Albert M S, Schepkin V D, Budinger T F
Department of Radiology, Brigham & Women's Hospital, Boston, MA, USA.
J Comput Assist Tomogr. 1995 Nov-Dec;19(6):975-8. doi: 10.1097/00004728-199511000-00025.
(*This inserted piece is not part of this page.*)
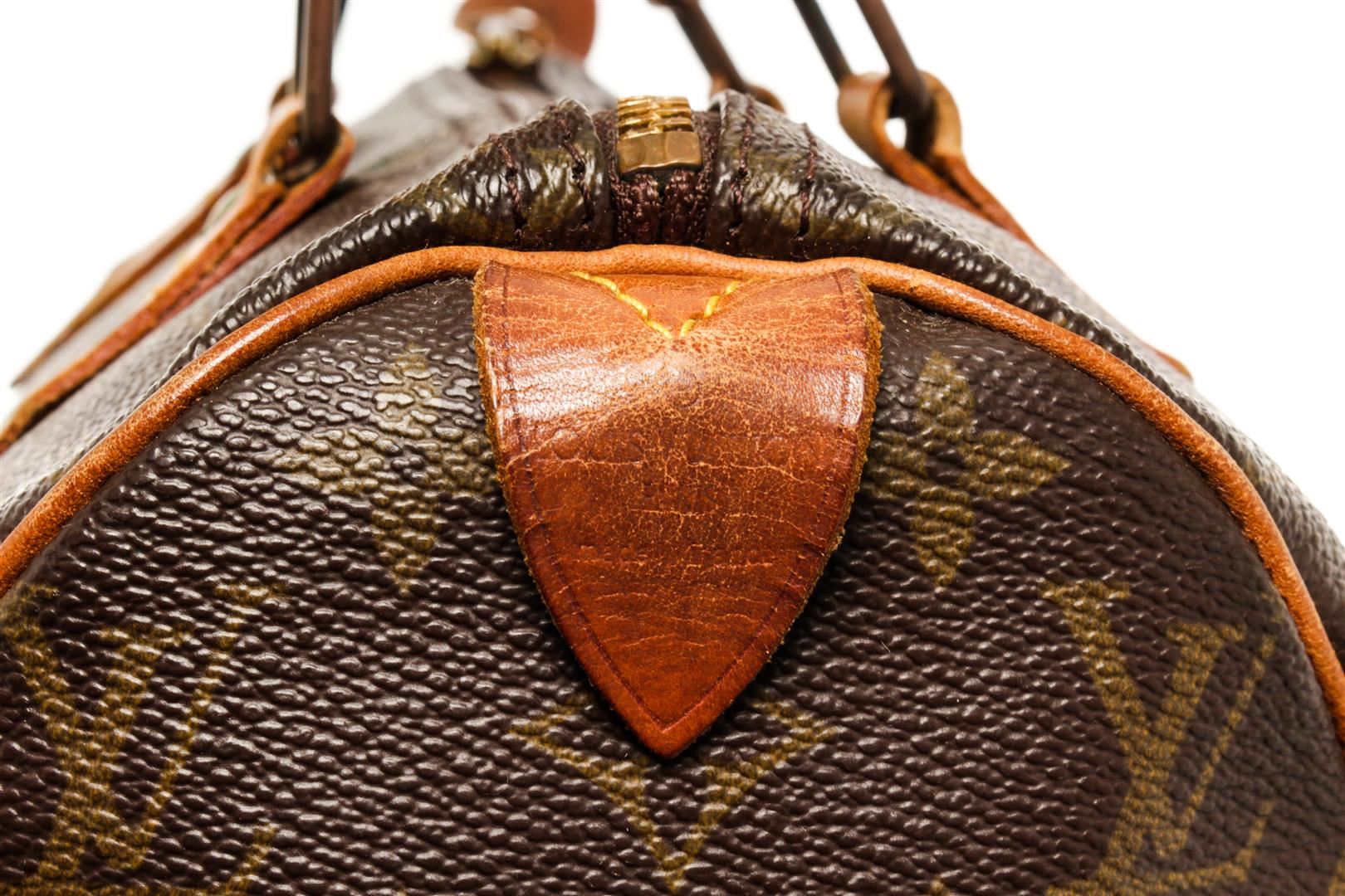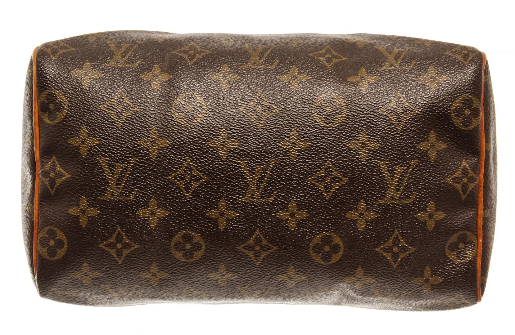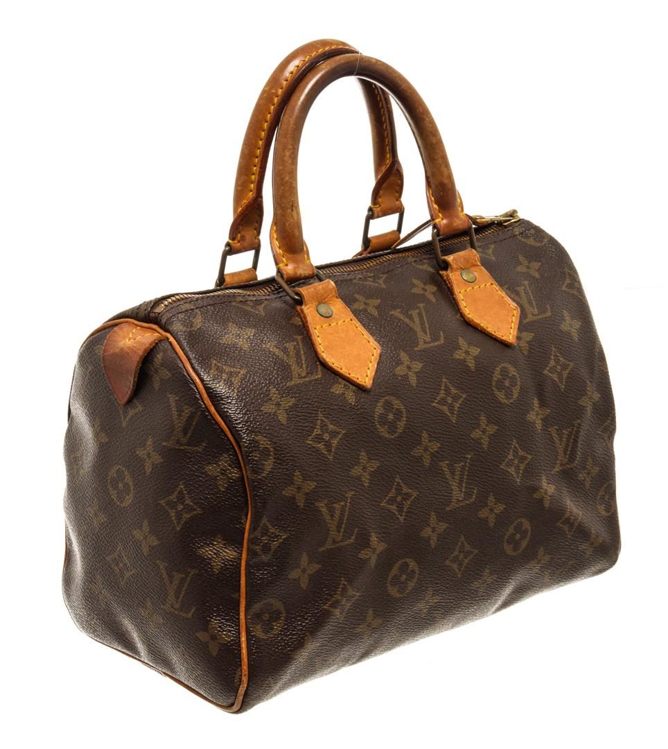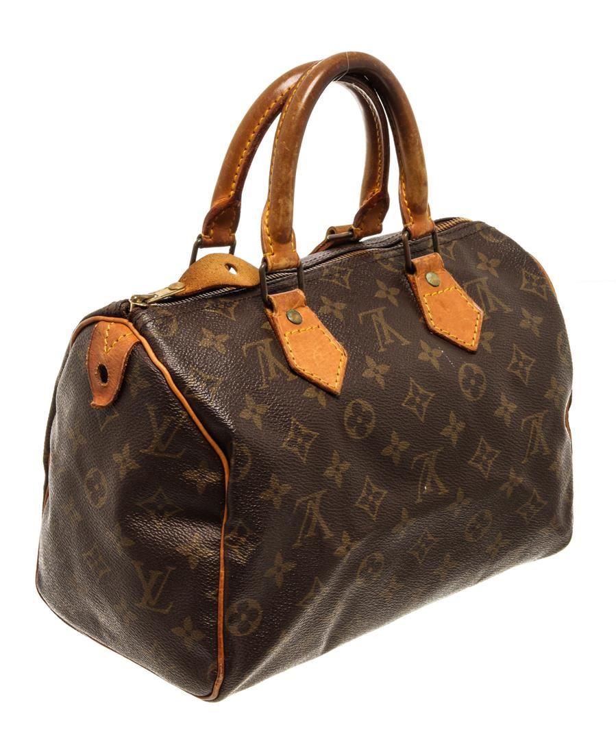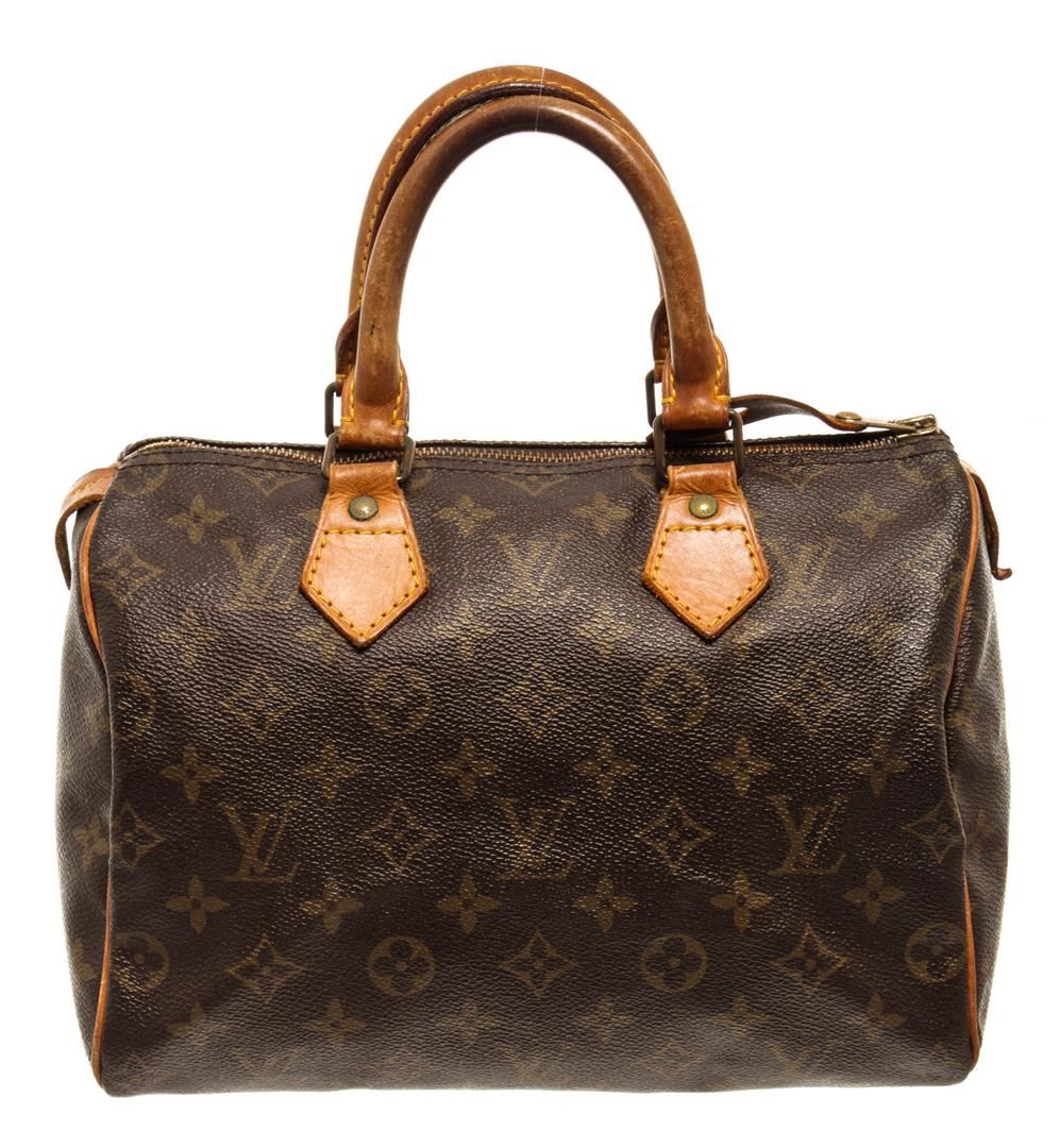 One Louis Vuitton Speedy 25 cm Handbag. Item is sold AS-IS. All available information is listed in the description and shown in the photo. Louis Vuitton Speedy 25 cm handbag with monogram coated canvas exterior, vanchetta leather top handles, brown fabric interior, one interior slip pocket, top zip closure, and gold-tone hardware.
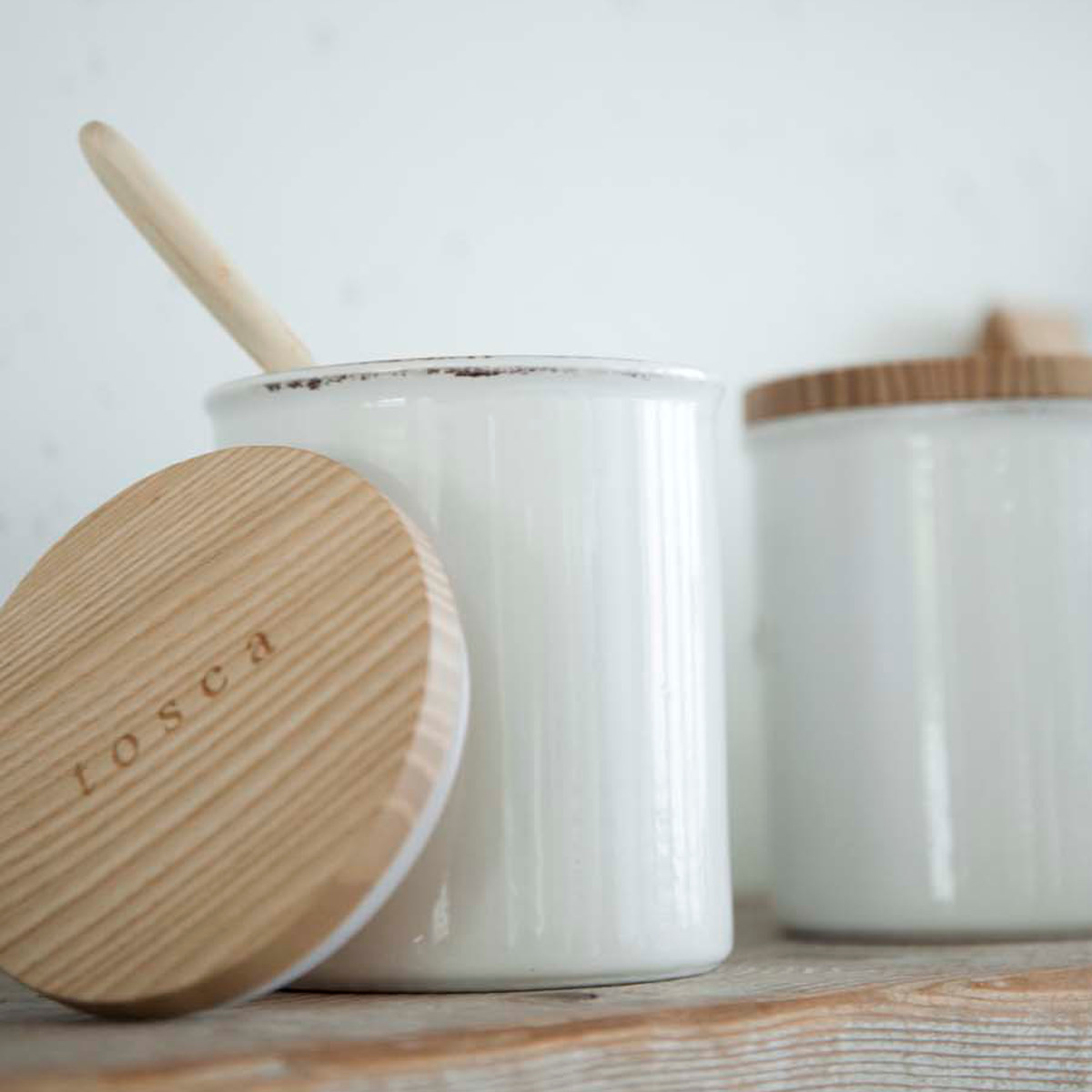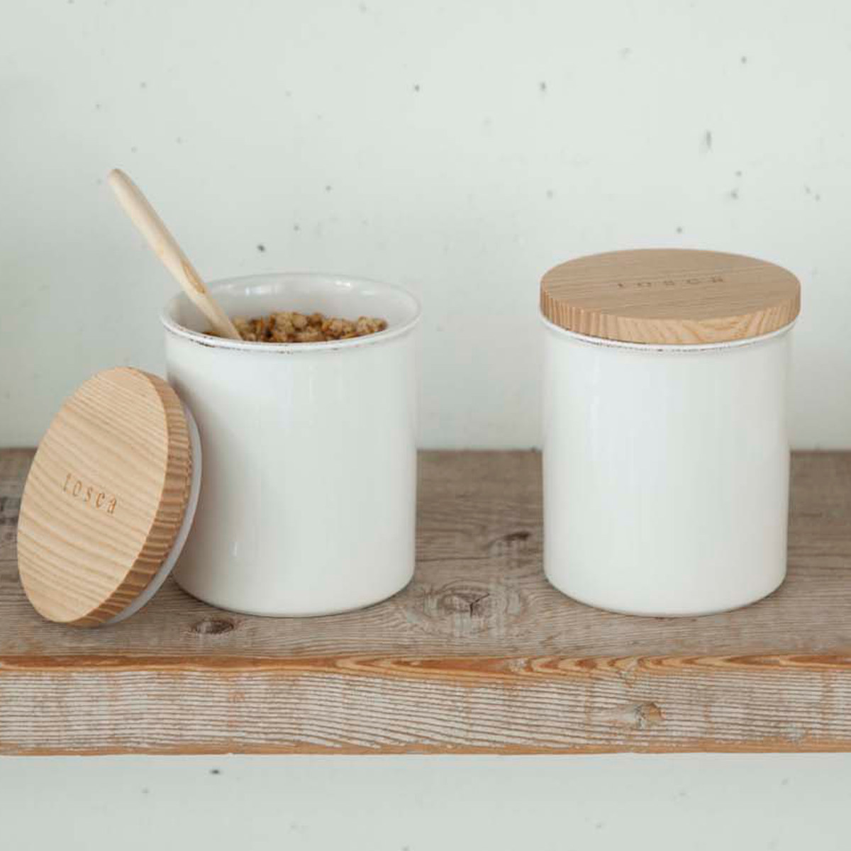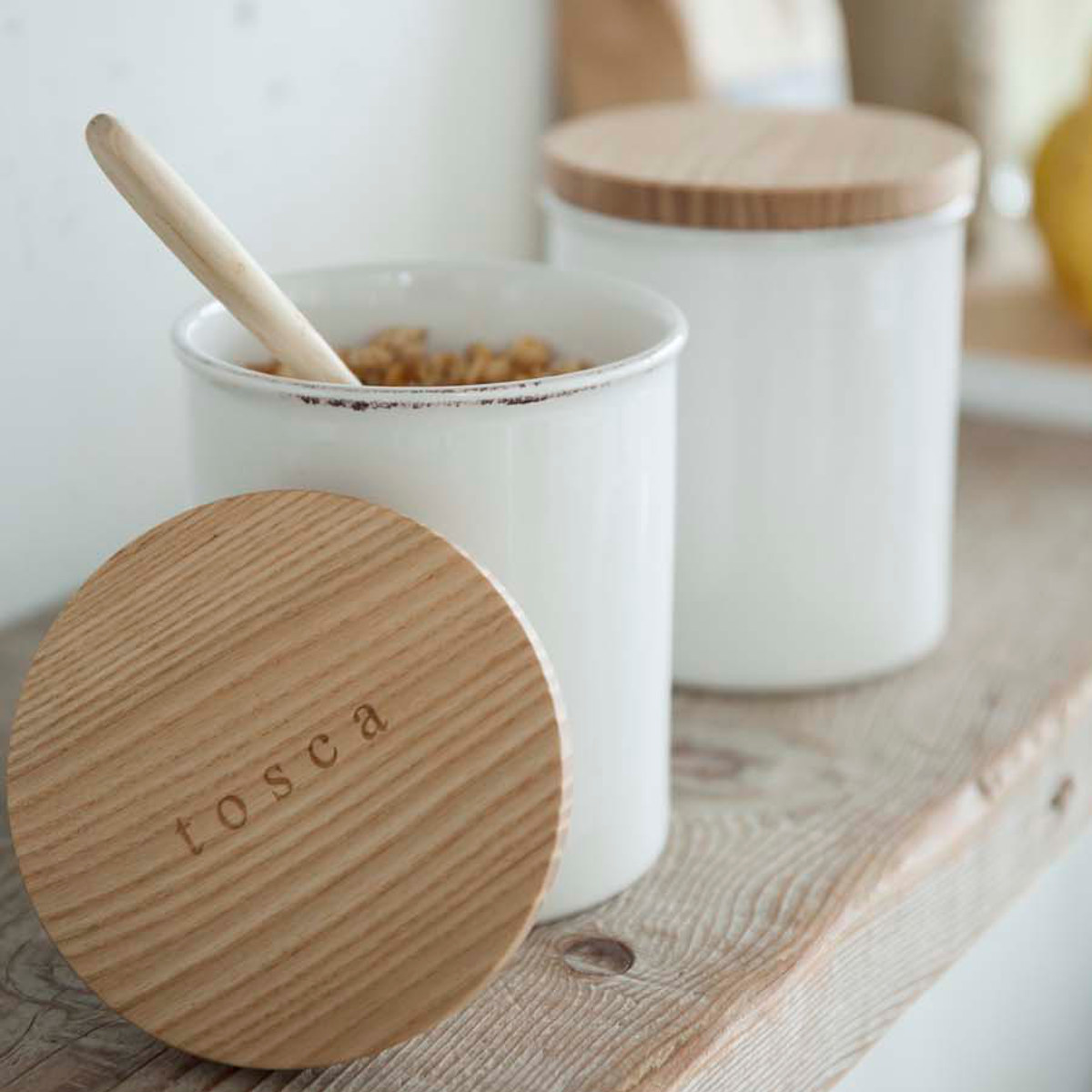 木目が際立った蓋、少しかすれたようなヴィンテージ加工が施された陶器製の本体が、カフェのようなオシャレなキッチンを実現します。いつもなら隠してしまいたい物も、飾っておきたくなるような可愛らしさです。調味料や食品を入れることはもちろん、小物入れとしてダイニングやリビングで棚やテーブルに置いてもステキですね。

The major obstacle to the use of 129-xenon (I = 1/2) as a new source of contrast in magnetic resonance is its low sensitivity. The hyperpolarized 129Xe-MRI technique using laser optical pumping of rubidium promises to resolve this problem. The potential of xenon-based MRI for the body tissues other than the lung air spaces depends on the 129Xe polarization lifetime (T1) in the blood at a magnetic field of commonly available clinical MRI systems.
Xenon with natural abundance of 129Xe (26%) was dissolved in human blood and studied at 36 degrees C in a 2.35 T 40 cm bore MRI spectrometer (27.6 MHz). Zeeman relaxation (T1) of six blood samples was measured by the progressive saturation method for periods of 4-8 h each.
NMR spectra revealed two peaks at 216.0 ppm (A) and 194.0 ppm (B) relative to the xenon gas above the blood volume. Assignment and 129Xe T1 values were 4.5 +/- 1 s for red blood cells (A), 9.6 +/- 2 s for plasma (B) and 11.9 +/- 1.6 s for xenon gas at atmospheric oxygen pressure. Xenon dissolved in distilled water appears at 189.8 ppm and has T1 = 26.3 +/- 1.4 s.
These relaxation times, though shorter than expected, are comparable to the transport time of blood, and are long enough to encourage use of hyperpolarized xenon for MRI studies in tissues, in addition to lung.
将129氙(I = 1/2)用作磁共振成像新的对比剂的主要障碍是其灵敏度较低。利用铷的激光光泵浦的超极化129Xe-MRI技术有望解决这一问题。基于氙的MRI对肺气腔以外身体组织的潜在应用取决于在常用临床MRI系统磁场中血液中129Xe的极化寿命(T1)。
将天然丰度为129Xe(26%)的氙溶解在人血中,并在36℃下于一台2.35 T、40 cm孔径的MRI光谱仪(27.6 MHz)中进行研究。通过逐次饱和法对六个血样的塞曼弛豫(T1)进行测量,每个血样测量4 - 8小时。
核磁共振谱显示相对于血样上方的氙气,在216.0 ppm(A)和194.0 ppm(B)处有两个峰。在大气氧压下,红细胞(A)的归属和129Xe T1值为4.5±1秒,血浆(B)为9.6±2秒,氙气为11.9±1.6秒。溶解在蒸馏水中的氙出现在189.8 ppm处,T1 = 26.3±1.4秒。
这些弛豫时间虽然比预期的短,但与血液的传输时间相当,并且足够长,足以鼓励除肺部之外,将超极化氙用于组织中的MRI研究。